Users acknowledge that Ms Lu has deleted her original pictures, but as one user, whose comment has been shared more than 400,000 times, says: “Deleting the pictures is useless; the entire Chinese nation has seen them.” They wanted the Palace Museum to explain.

Many users have speculated that the woman is from a wealthy background, given that previous posts on her account show her on a luxury yacht.

Her Weibo account says that she is flight attendant at Air China, but the airline has responded to media questions saying that she “left the company a number of years ago”.

Influential local paper Beijing News says that a woman claiming to be her friend, says she was invited by the Palace Museum to attend an event.

Ms Lu herself has not commented publicly.

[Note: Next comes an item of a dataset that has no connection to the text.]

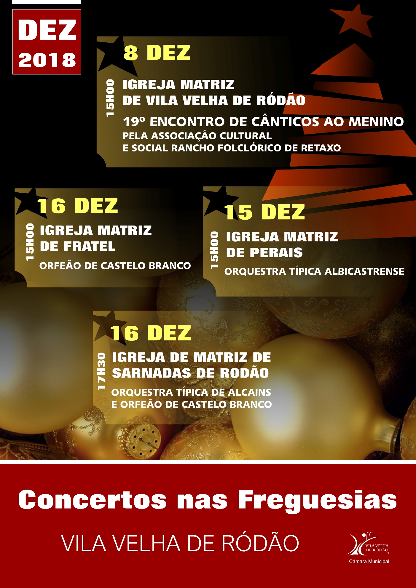 Entre 8 e 16 de dezembro, o Município de Vila Velha de Ródão promove concertos de Natal nas igrejas das sedes de freguesias do concelh...

Why is this controversial?

The Forbidden City is a huge complex of significant cultural and historical importance. Made up of courtyards, palaces and gardens, it is home to imperial collections of Ming and Qing dynasty art and artefacts.

Image copyright Getty Images
Image caption It is common to see soldiers around the entrance to the Forbidden City

Its main entrance is famous for a portrait of Mao Zedong, the founder of the Chinese Communist Party, and next to the government building, the Great Hall of the People, and the symbolic Tiananmen Square.

China has strict laws on the protection of cultural relics, and has previously blacklisted people for vandalising important sites.

This is not the first time the Forbidden City has come under fire for controversial pictures at the site.

In June 2015, images circulated of a naked photoshoot outside the Palace Museum.

The official China Daily said at the time that the model could face a number of days in detention, but similarly raised questions about “ethical and moral” behaviour at a “historical site”.